Cartoon aus der Pressemitteilung
Die Identity Foundation ist eine gemeinnützige Stiftung und befasst sich unter anderem mit Fragen der Personal- und Corporate Identity sowie mit dem Identitätsverständnis verschiedener Kulturräume, insbesondere in Deutschland. Eine aktuelle Studie dieser Foundation mit Namen “Deutsch-Sein im Alltag” hat festgestellt, worüber sich der Deutsche definiert: Erfindergeist, Sicherheit, Tradition und Sentimentalität.

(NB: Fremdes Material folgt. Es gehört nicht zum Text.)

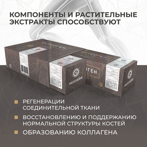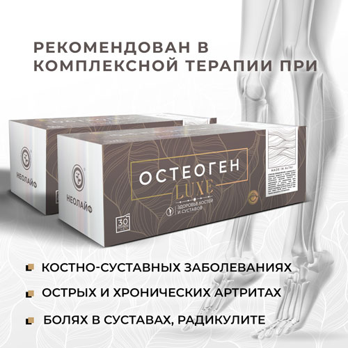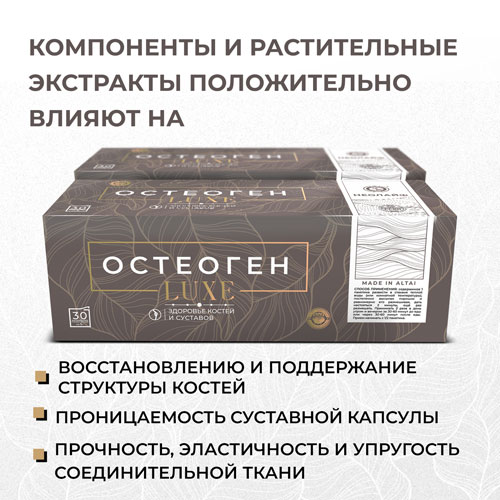 ОСТЕОГЕН LUXE оказывает общеукрепляющее и тонизирующее действие; снимает боль и воспаление при костно-суставных заболеваниях (артриты, остеохондроз, грыжи, остеопороз, подагра и т.д.); способствует восстановлению и регенерации поврежденной хрящевой и костной ткани; препятствует развитию деструктивных процессов в хрящевой ткани и позвоночнике; улучшает состояние кожи, волос и ногтей …
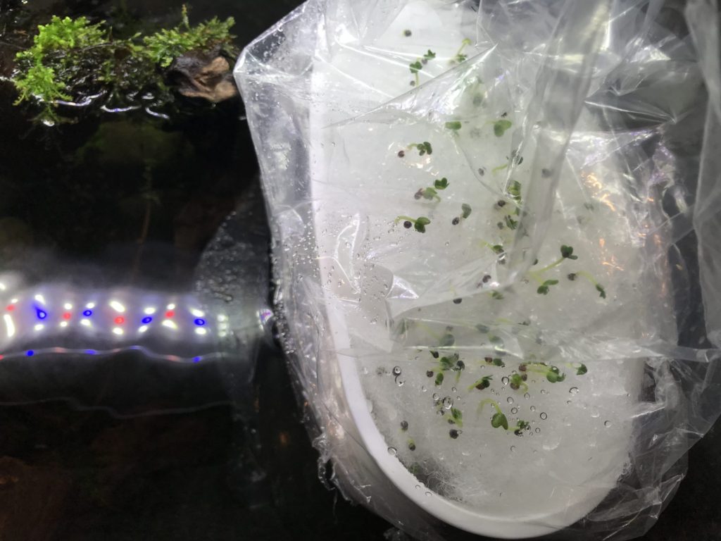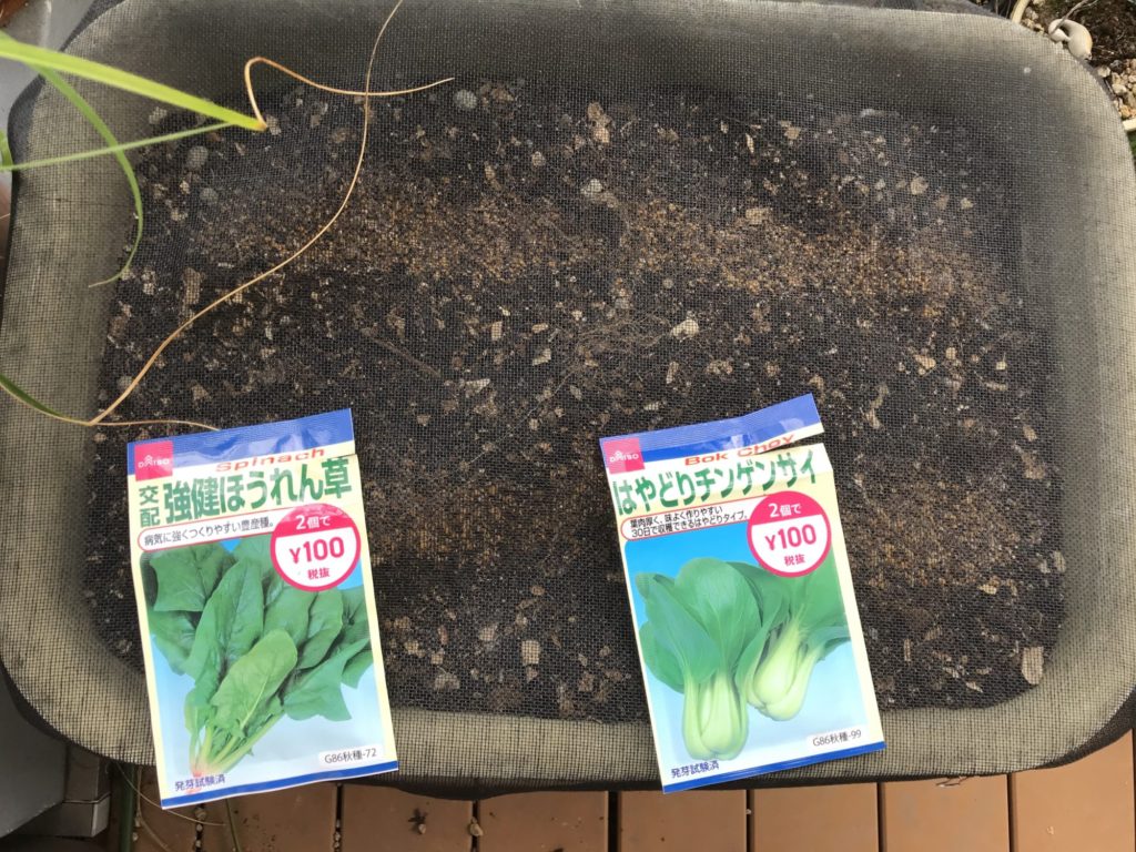 ただ水槽内に入れるだけあってある程度の景観を作れるものでなければならない。到底、大根や人参は無理だと思いダイソーで”ほうれん草”と”チンゲンサイ ”を購入。(2個で¥100)又、キッチングッズを活用しながら種まきを行なった。一応実生活でも食糧を確保したい為に、ベランダガーデニングでも植え付け。

Lt. Pressemitteilung zeigt die Studie, dass die Deutschen von einem gemeinsamen Nationalgefühl weit entfernt sind und eine festumrissene deutsche Identität für sie nicht greifbar ist. Das sehe ich auch so und bin sogar der Meinung, dass wir gar keine festumrissene Identität brauchen. Was uns gut tun würde wäre mehr Offenheit für Neues, Neugier, Risiko- und Experimentierfreude und dafür weniger Bürokratie- und Reglementierungswut. Wir sollten mehr auf die Chancen achten, und nicht überall nach Sicherheiten suchen! Soweit mein Hinweis auf die interessante Studie und mein Beitrag zum 17. Tag der Deutschen Einheit.

Mir ist übrigens heute aufgefallen, dass am Nationalfeiertag so gut wie keine Deutschlandfahnen hängen. Von der Fußball-WM müssten doch noch genügend Fahnen existieren.